# can someone create some city diagrams?



## zxtop (May 6, 2013)

Hi,

i would very much appreciate if somebody could create some diagrams of some american cities which i will list and then super-impose them on top of or into the london m25 motorway orbital.

just so i can get a size comparison of how other cities compare with london and its suburbs.

they can be google earth photos if need be, the cities i would like are 

phoenix az

las vegas nv

orlando fl

atlanta ga

chicago il

i appreciate this might take some time, so i would be willing to make a financial donation of sorts.

i am from the uk and live in havering the farthest suburb east of london before it becomes essex and i would just like an actual photo/size diagram of actual size i.e. land area then just to read data stats etc.

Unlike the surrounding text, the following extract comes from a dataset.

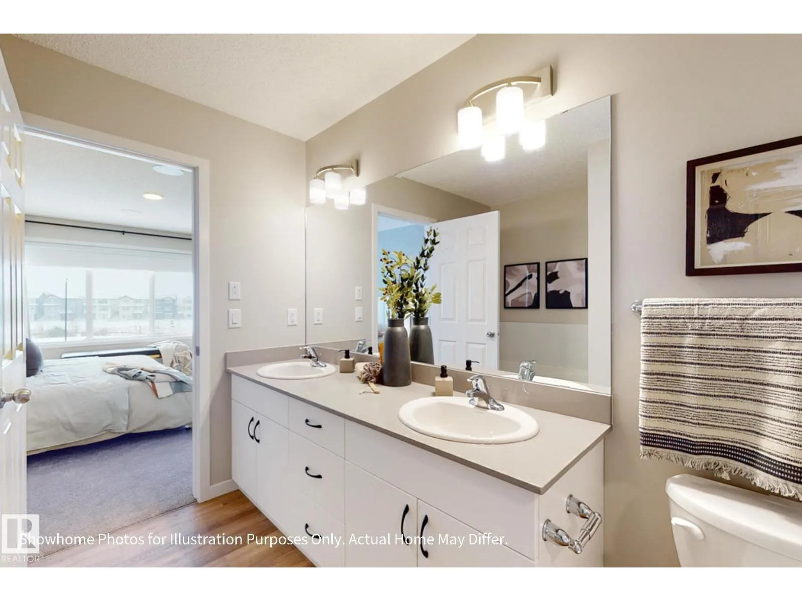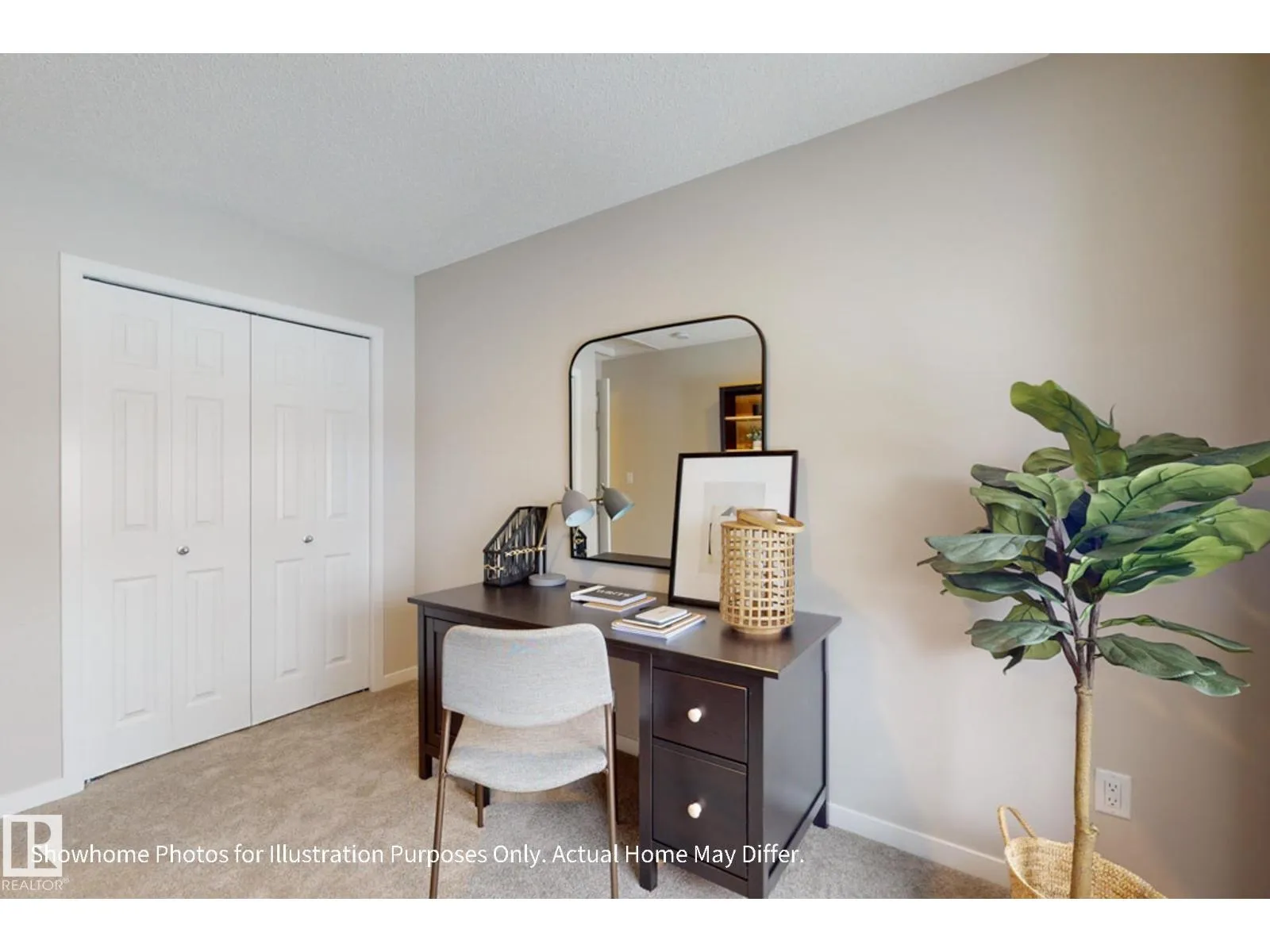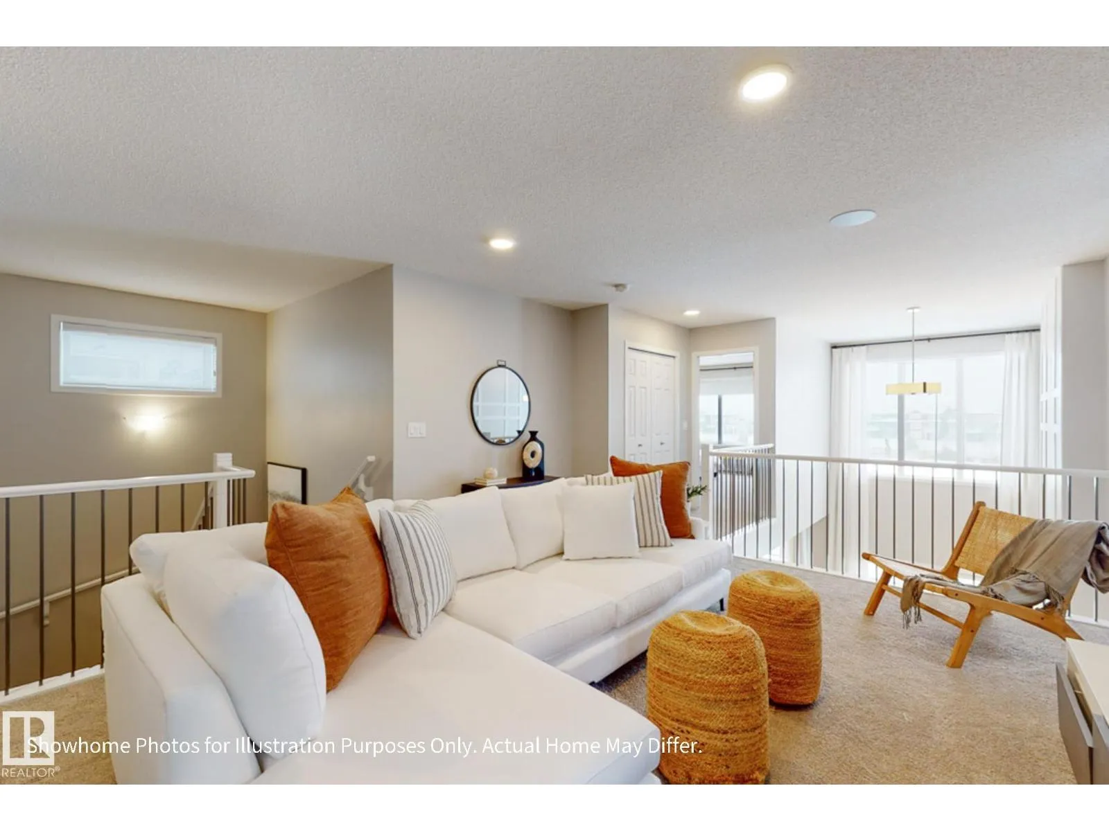 Built by Sterling Homes, this beautifully finished front-attached home in McConachie offers bright, modern living in a family-focused community known for its nearby schools, parks, and convenient amenities. Triple-pane windows and 9â ceilings fill the main floor with natural light, creating an inviting atmosphere from the moment you enter. A versatile den with a walk-in closet adds flexibility for work or guests, while the stylish kitchen features quartz countertops, a spacious island with seating, a chimney hood fan, and ceiling-height cabinetry. The great roomâs electric fireplace and large windows make the space warm and welcoming, with a garden door leading to the backyard for easy indoor-outdoor living. Upstairs, the primary suite offers a spa-like 5-piece ensuite with double sinks and a soaker tub. A central bonus room provides a second living area, while three more bedrooms and upper-floor laundry complete the layout. With a side entrance and double garage, this home is perfect. (id:27476)

i hope this is the right section to post in, forgive me if not as this is my first post on here.

hello all, by the way.

Regards...


----------



## tim1807 (May 28, 2011)

Hi, with diagrams you mean like this?
http://skyscraperpage.com/diagrams/?cityID=4


----------



## Spookvlieger (Jul 10, 2009)

^^Don't think that is what he is asking.


----------



## Spookvlieger (Jul 10, 2009)

ZXTOP you might want to read into this topic.
This is magnificant thread that does what you asks for a lot of cities, however it hasn't been updated lately.

http://www.skyscrapercity.com/showthread.php?t=1437819


----------



## zxtop (May 6, 2013)

sorry for the late respnse guys, i will check out the thread above joshsam.


----------